Denn selbst wenn Reformen das gesamtwirtschaftliche Angebot erhöhen würden, so erhöhen sie noch lange nicht die gesamtwirtschaftliche Nachfrage, ohne die eine Volkswirtschaft nicht wächst. Was wäre die Lösung? Klar, im Gegensatz zu kleinen offenen Volkswirtschaften brauchen große Volkswirtschaften eine aktive Makropolitik, um das größere Angebot auch auszuschöpfen, so die beiden Autoren der EZB-Publikation.

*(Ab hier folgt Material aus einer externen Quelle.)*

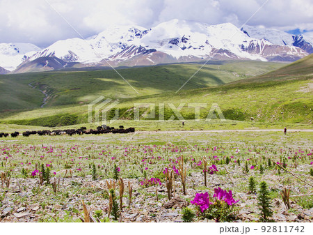 中国 青海省 黄河源流、ザリン湖畔に咲くノウゼンカズラ科ハナゴマ属 Incarvillea comp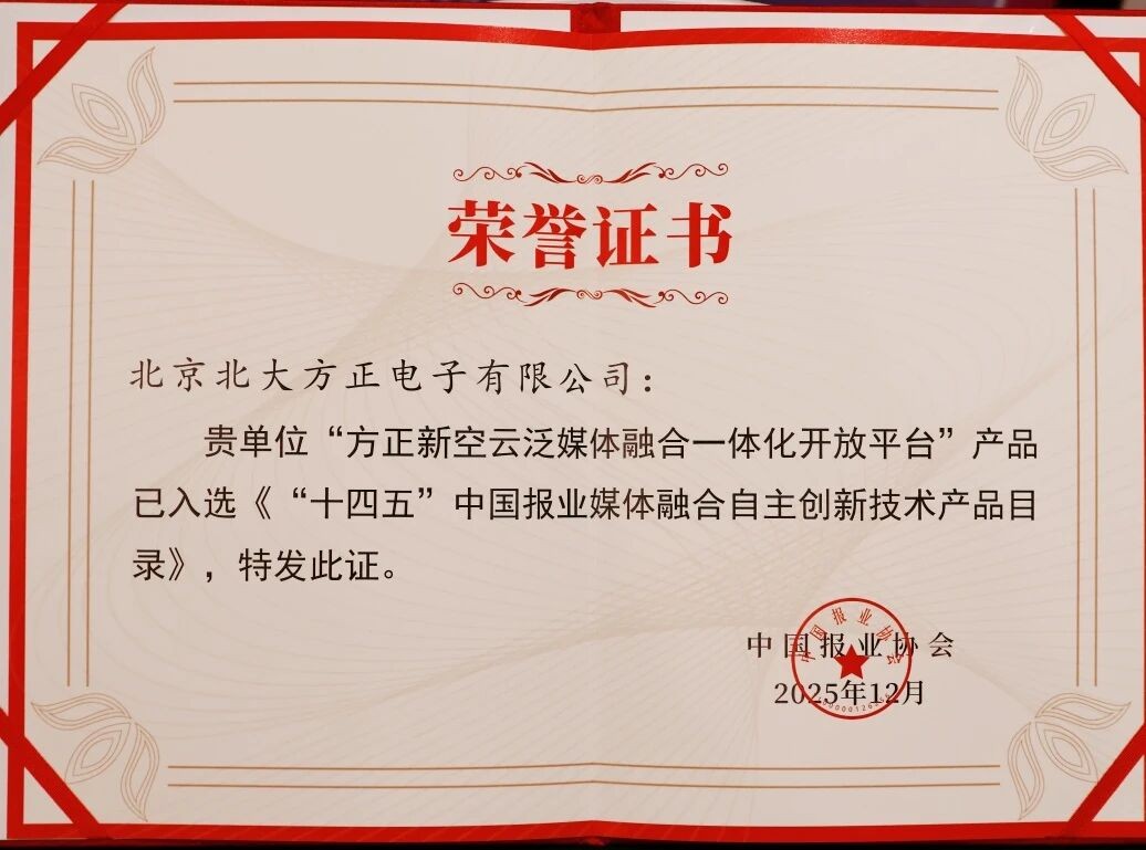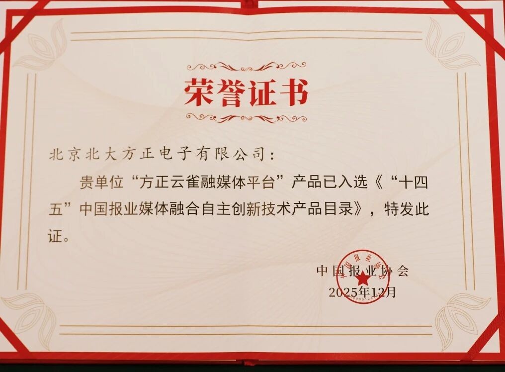 面对技术跃迁与行业系统性变革的新征程,方正电子未来将以《“十五五”中国报业媒体融合发展规划建议书》为指引,坚守自主创新之路,深耕媒体核心技术应用,开放共享技术资源,为媒体“生产、传播、运营、安全”全链条提供优质支撑,与媒体行业同仁携手书写高质量发展新篇章。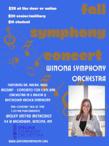 October 25 | 7:30 pm Wesley United Methodist Church Winona, MN Winona Symphony Orchestra Presents Fall Symphonic Concert Featuring Flutist Dr. Rachel Haug The program features a dynamic mix of…
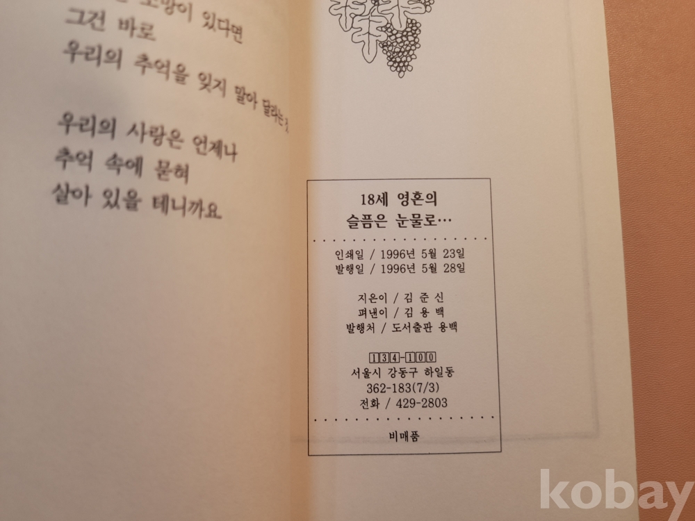 김준신 시집 18세 영혼의 슬픔은 눈물로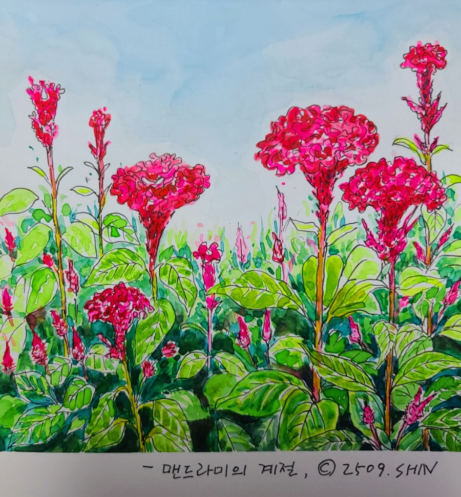 나는 어릴 적 짙은 붉음과 낯선 모양의 맨드라미꽃이 이유도 없이 무서웠다. 채송화나 봉숭아처럼 귀엽거나 예쁘지도 않은 것이 꽤나 쌈닭처럼 호전적이고 싸납게 느껴져서였다.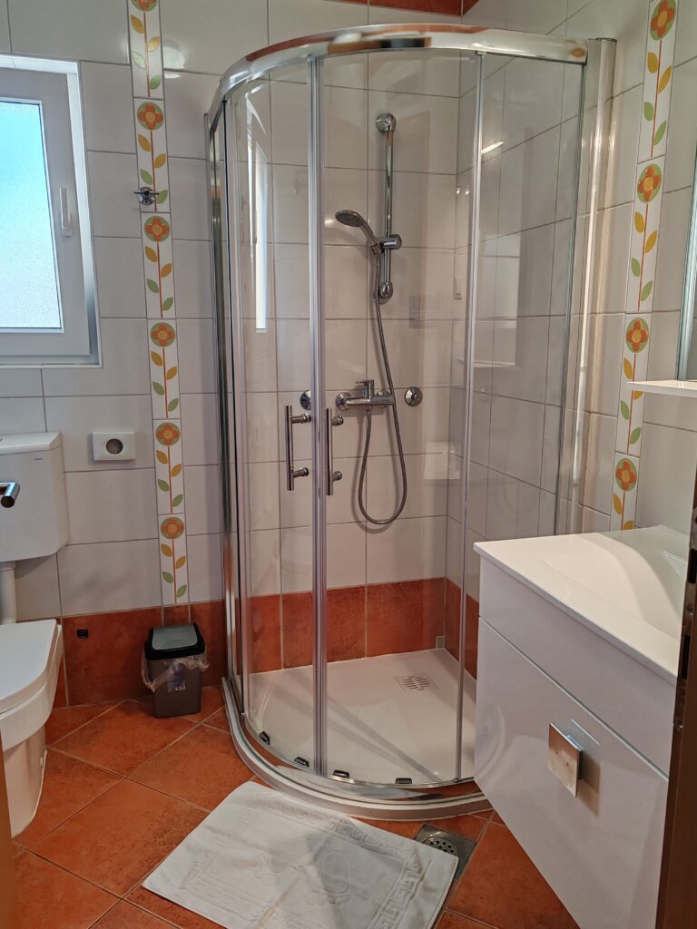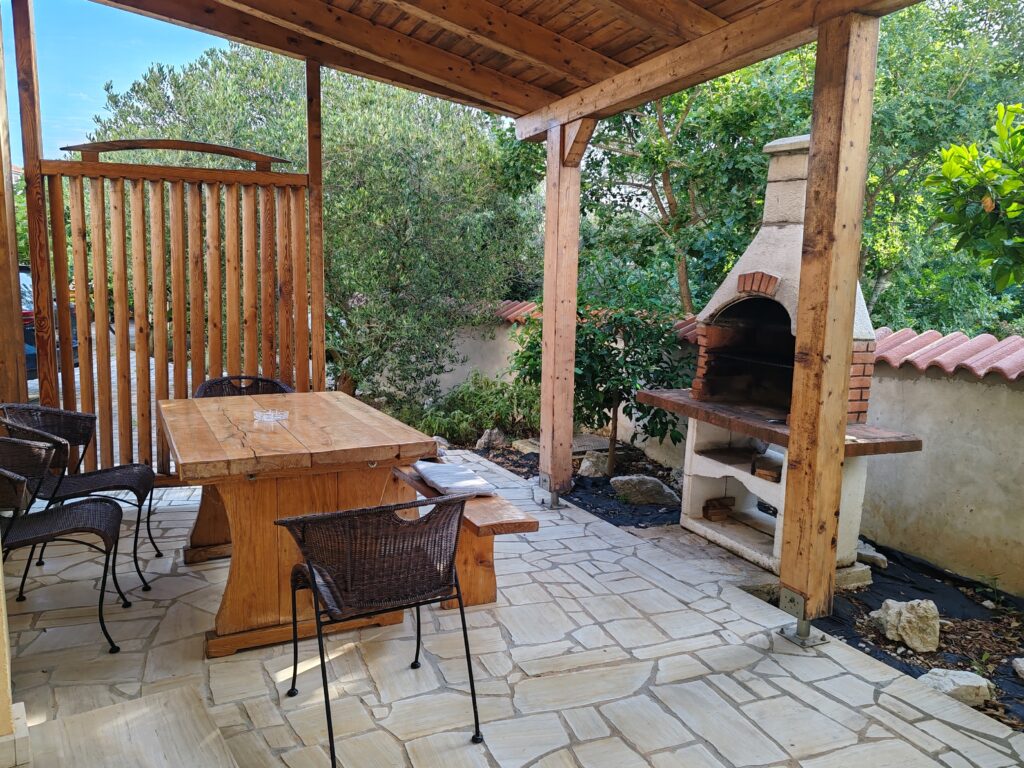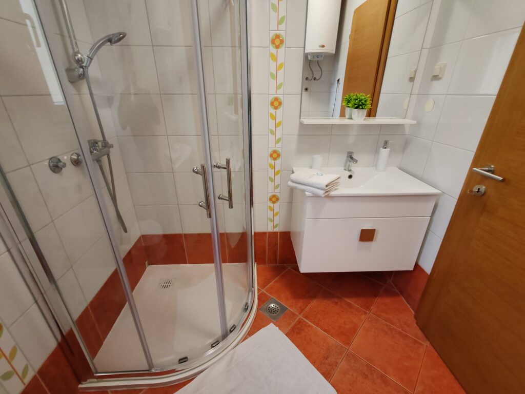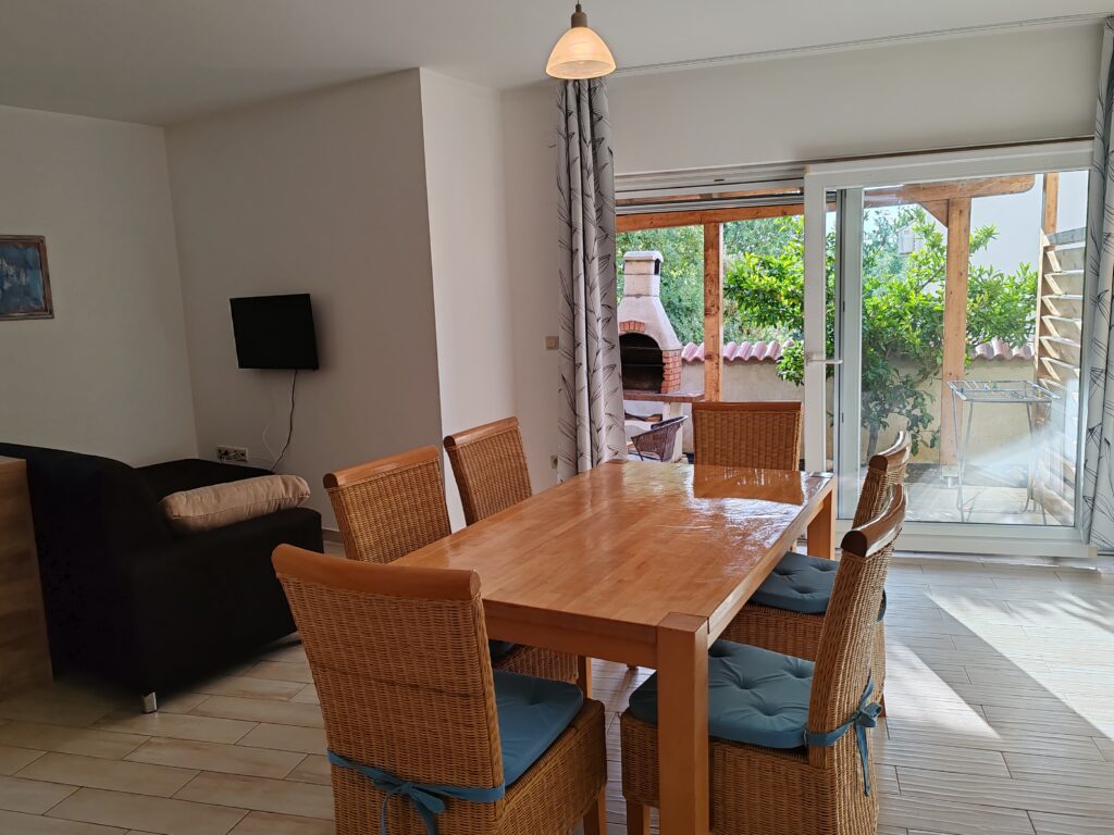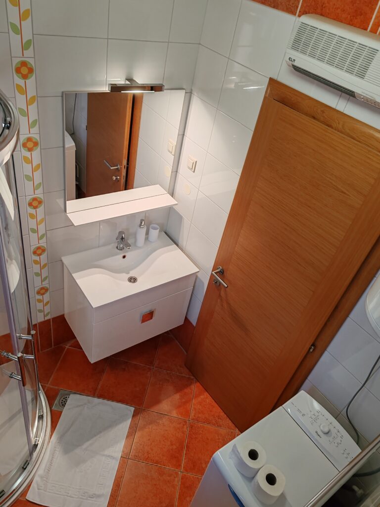 Located on the ground floor ( north) . Sizes 60 m2 with covered outdoor terrace.Consists of two separate rooms , one with a double bed and the other with two single beds.In kitchen there is a sofa bed / springbed.

Deswegen wären mehr Arbeitsmarktreformen im Moment Gift für die deutsche und damit auch die europäische Konjunktur. Würde die Bundesregierung so manchem Ökonomen jetzt folgen und den Kündigungsschutz lockern, würde das den Konsum und das Wachstum weiter schwächen. Zwar sind die Unternehmen noch gut aufgestellt und investieren kräftig. Die von der EZB festgestellte Verschärfung der Kreditkonditionen scheint sich noch nicht auf die Investitionstätigkeit auszuwirken (Wie Kollege Wermuth diesen Mittwoch geschrieben hat). Doch die Rezession in den USA und die Finanzbomben, die noch in so mancher Bankbilanz liegen könnten, müssen Deutschland, dessen Konjunktur immer noch stark vom Export abhängt, zur Vorsicht mahnen. Weitere Reformpläne, die die Konsumenten nur verunsichern, sollten erst mal in der Schublade bleiben.